Indignant, she broke her gaze away and inhaled sharply. Once, she’d been near enough to a lightning strike to feel the jarring current of it hit the ground. The same sort of electric jolt coursed through her as the thought dawned that Rhys Delmar was not the witless, dandified half-man she’d assumed he was.
He was dangerous, definitely dangerous.
“Teddy? You were saying?” As if to prove her the witless one, to make her wonder if she had imagined what she felt and sensed, his expression, when he called to her, was innocently benign.
“Forget that,” Teddy said, not about to offer an apology for her hasty words of the night before, but anxious to keep her unwanted partner away from Parrish Adams. “Rope and I feel that the only fair thing under the circumstances is to put you up at the ranch until this is settled. You and your—uh, valet can keep the room at the back of the bunkhouse and take your meals with the hands. No need for you to sleep in the stable or pay for lodging in town.”
“An interesting change of heart,” Rhys commented. Now he was sure she was stalling.

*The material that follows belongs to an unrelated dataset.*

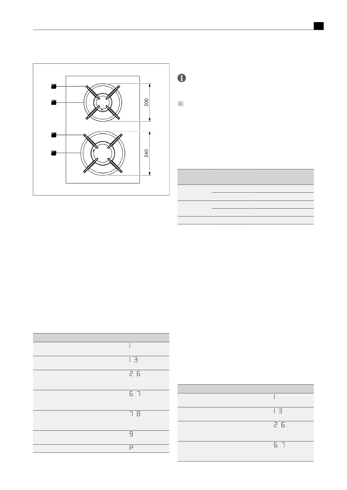 Opbouw gaskookveld PKG3 en grootte van de kookzones

She wanted to keep him close enough to keep a watch on him. Or did she want to keep him away from something? The stage line maybe? “I’ll think it over,” he told her.
“Think it over? Now look here—” Teddy started.
“You think it over and let us know,” Rope interrupted, seeing that Teddy was about two steps from snapping the hold on her temper. “Teddy hasn’t thought to say it but I’m the third partner in this company. I, for one, am willin’ to give you a fair shake.”
“Shake?”
“Deal,” Rope explained. “But anybody can understand that when a stranger shows up claimin’ part of what you’ve worked and scraped for, you want to make sure he’s not tryin’ to pull wool.”
“Anyway,” Teddy chirped in. “I’ve already sent a letter off requesting that witness in London to give us a statement. Don’t reckon there’s any doubt what that man of yours will say.”
“None,” Rhys replied, giving the half smile. He wasn’t happy to know that Teddy’s inquiry was already on the way, but he would not let her know that. He’d been prepared to suggest that a friend of his get the deposition, someone who could do it quietly to ensure the authorities searching for him did not hear of it. But Teddy had preempted that possibility. He said a silent touché to her. She had raised the odds. Did she know that?
Teddy felt a flash of fire inside as he gave the quick smile and the long look. She scowled but tried to keep her voice even. “Unless there’s trouble finding that witness, it shouldn’t take more than a few months to hear back. If what you say is on the level we can pay you what your share is worth at that time.”
Rhys shrugged indifferently, but his eyes sparkled wickedly. Let her worry. It would do her good. “Who is to say?” he asked, as if he had not a care in the world. “By then I may have come to like this land and running a stage company. I may want to keep my shares.”
“Keep?” Teddy’s voice rose. “And where do you get the idea you’ll be running anything? Look here—”
“Simmer down, Teddy,” Rope’s cooler voice drowned Teddy’s out. “Nothing will be running if we don’t get into town.”
Teddy rose quickly, nearly choking on her temper as she saw Felicity Gamble’s frown.
“Don’t concern yourself about me,” Rhys called after her, noting the quick rhythm of her hips as she stalked off—the way the buckskin fringe of her shirt danced around her squared shoulders. “I shall be perfectly content in the company of two charming ladies.”